Deloitte raporuna göre, 2010 yıl sonu itibariyle Avrupa'da TV sahibi hane sayısı 246 milyon olurken, bunların yüzde 34'ü karasal, yüzde 32'si uydu, yüzde 29'u kablo ve yüzde 5'i IPTV yayınlarından faydalanıyor.
2015 yılına kadar TV yayıncılığındaki geleneksel karasal karakter devam ederken, uydu ve kablo arasındaki farkın açılması ve sayısallaşmanın da artması bekleniyor.

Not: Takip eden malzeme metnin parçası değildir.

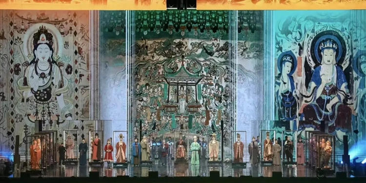 AIGC技术的使用,在舞台上复现了敦煌昔日盛景,也还原了盛唐时期敦煌壁画与彩塑最初示人时的鲜活原貌,使观众深切感受到了文明重生的震撼。“这样大胆的尝试让观众见证了科技与艺术碰撞出的无限可能,也把作品打磨成跨越国界的精品文化载体,让中华文明的生命力和中国式现代化的先进水平在国际舞台上得以绽放。”田沁鑫说。
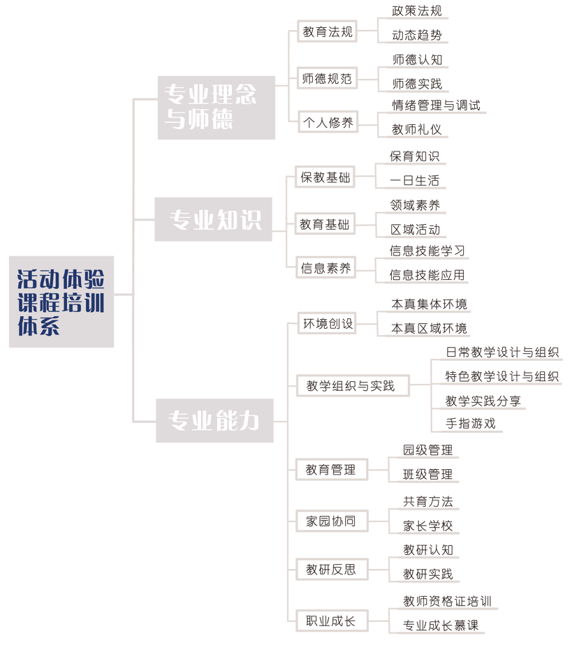 活动体验课程培训体系多途径整合优质培训课程资源,从“专业理念与师德”、“专业知识”、“专业能力”3个模块明确幼儿教师业务知识和能力,围绕12个专题,26个子专题层层助推课程落地,培训形式灵活多样,培训内容紧密贴近一线教师实际工作需求,培训对象覆盖幼儿教师、幼儿园园长,促进整体教师队伍素质提升。
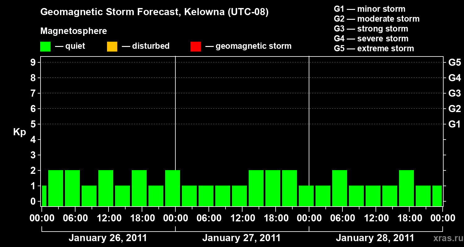 Geomagnetic storm forecast in Kelowna for Jan 26, 2011
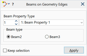 If set, inserts Beam3 elements. The third node will lie on the geometry edge, half way between the beam ends.
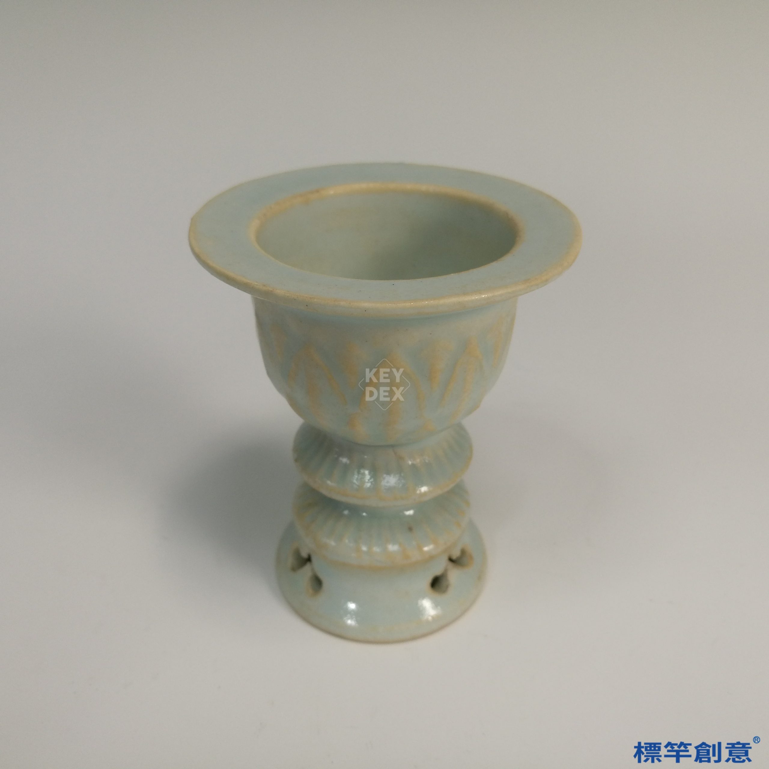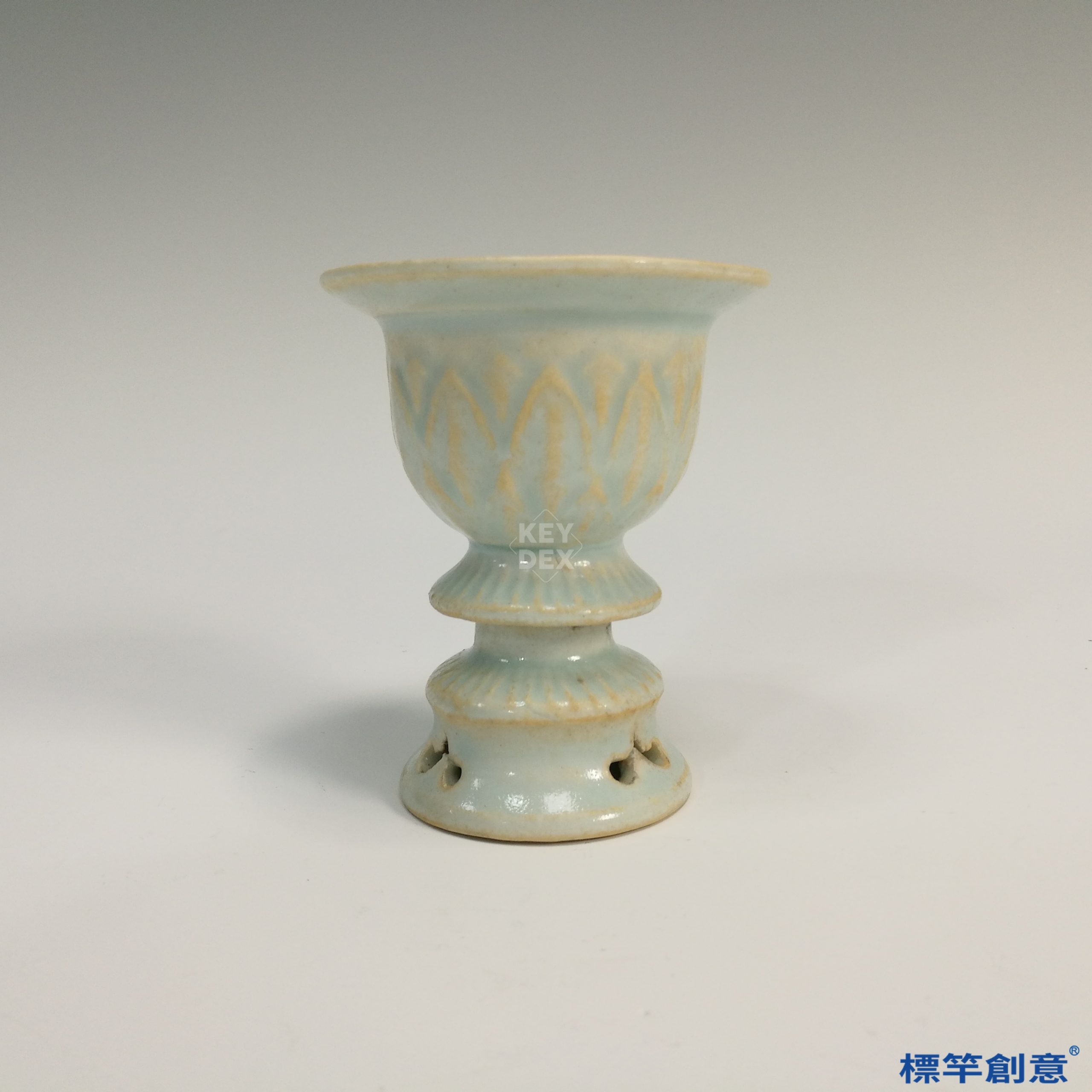 通體施青白釉,釉色溫潤泛微藍,器表以模印蓮瓣紋裝飾,浮雕層次分明。足座底部留有穿孔鏤空,便於通風助燃,結構嚴謹。
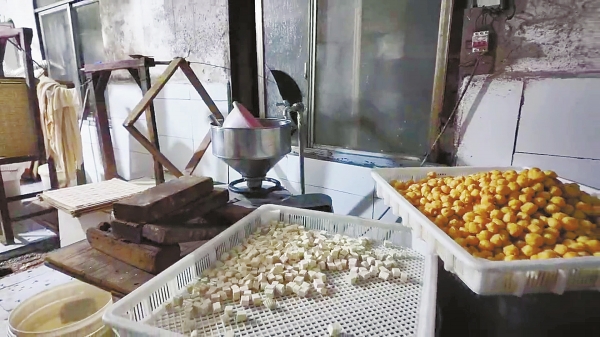 在另一家作坊,记者看到,已压制成型的三筐豆腐随意地叠放在一把破旧椅子上。椅子周围杂乱地堆放着废弃纸箱、包装材料和胶鞋等杂物,一只黑色的猫正蜷缩在纸箱上打盹。旁边锈迹斑斑的铁质货架上,随意摆放着各种盛装豆制品的托盘、容器及其他与生产无关的杂物,生产环境堪忧。
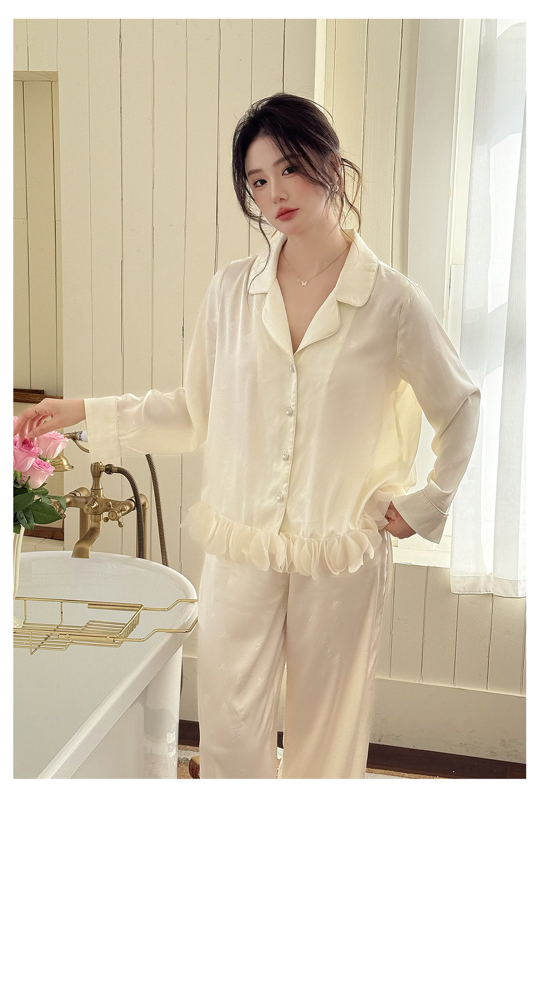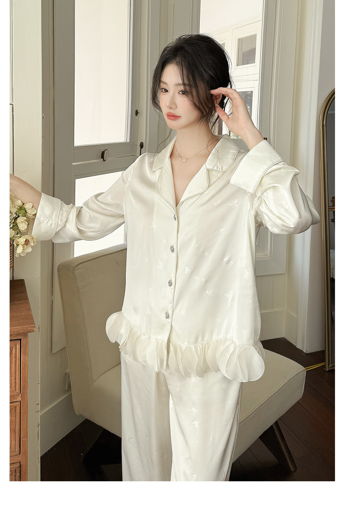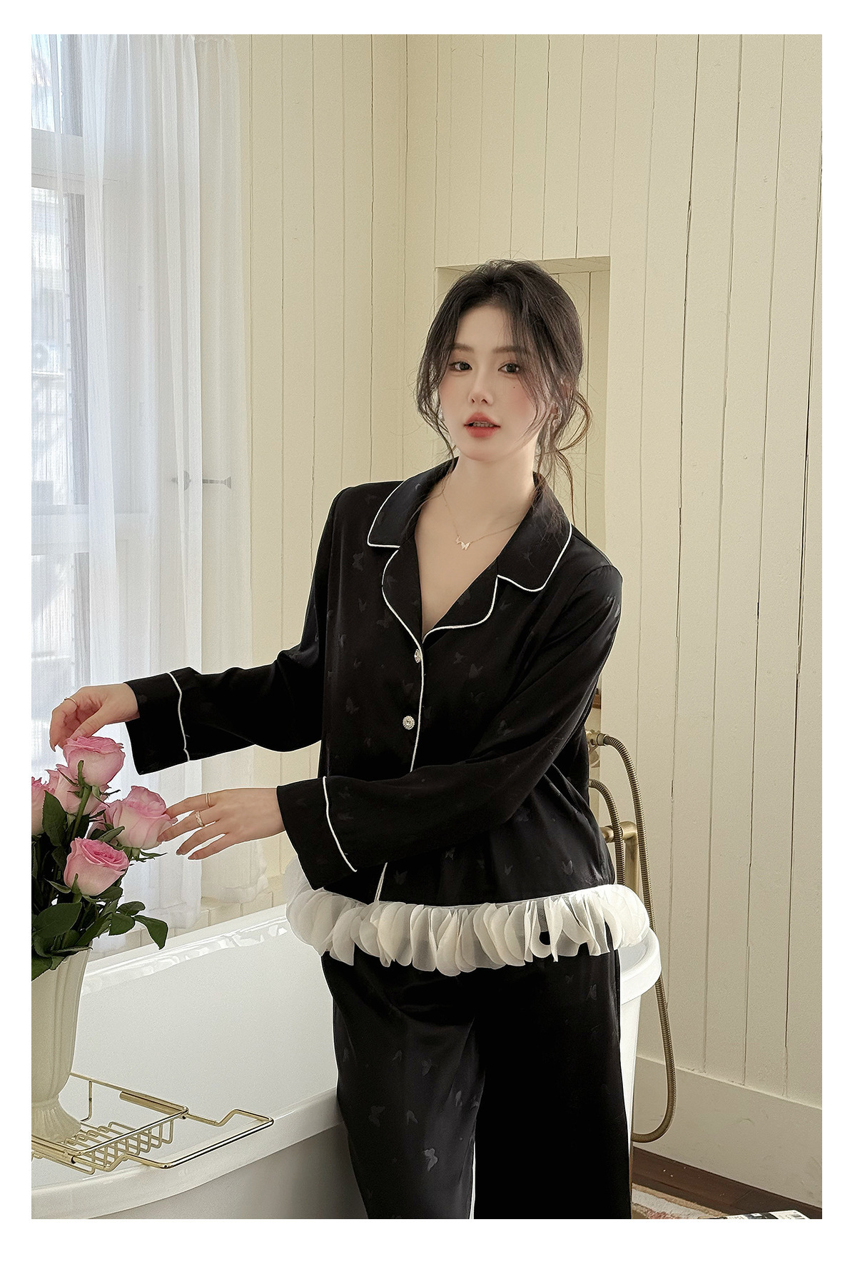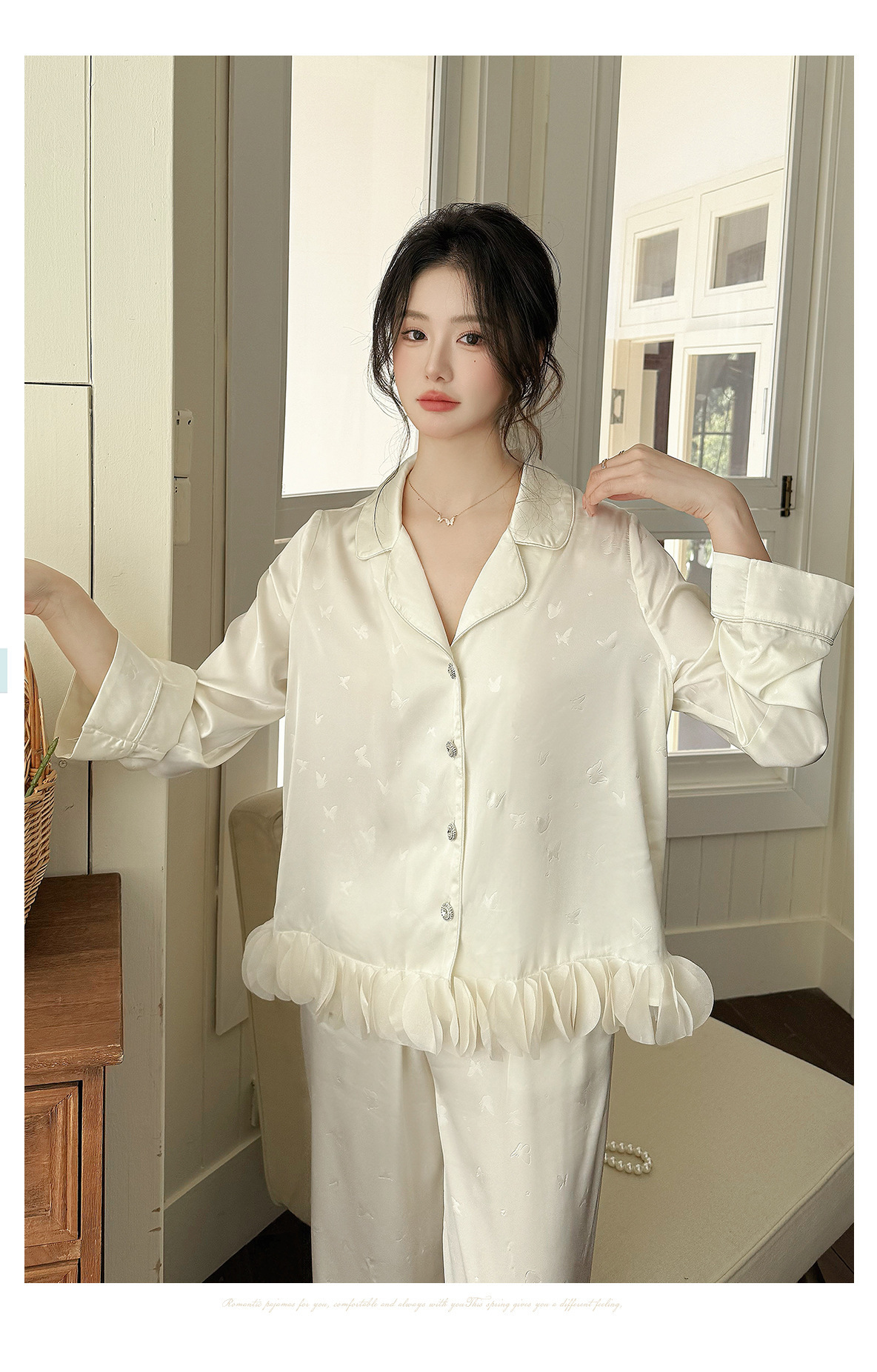 여성을위한 외부 착용 가능한 프랑스 스타일 새 잠옷 가을 얼음 실크 달콤한 공주 스타일 인쇄 긴팔 바지 정장 홈웨어

Avrupa'da TV yayınlarının ulaştığı hanelerin yüzde 69'una sayısal HD kalitesi ulaşmış olmakla birlikte, HD TV'ye sahip hane sayısı halen yüzde 10'lar seviyesinde bulunuyor.
Pazar büyüklüğü 1,5 milyar lira
Türkiye'de Radyo Televizyon Üst Kurulu (RTÜK) verilerine göre; 18 milyon TV sahibi hane ve 1.279 tane kayıtlı TV yayıncısı bulunuyor. 2011 ikinci çeyrek itibariyle 1,3 milyon kablo TV ve 3,5 milyon uydu platform abonesi bulunan Türkiye'de sayısal TV pazar büyüklüğü 1,5 milyar lira olarak tahmin ediliyor.
''2015 yılı beklenmeden pek çok Avrupa ülkesinde olduğu gibi analog yayınların son erdirilme tarihi daha öne çekilmelidir'' görüşüne yer verilen rapora göre, bugünden itibaren sayısal karasal (DVB-T) yayınları almaya uygun olmayan TV cihazlarının üretim ve ithaline izin verilmemesi gerekiyor.
Türkiye'nin yaklaşık 7 milyon sabit geniş bant abonesi ile IPTV'nin de en hızlı yaygınlaşabileceği ülkelerden biri olduğuna dikkat çekilirken, mobil TV konusunda da Türkiye'nin önemli bir potansiyel barındırdığı vurgulanıyor.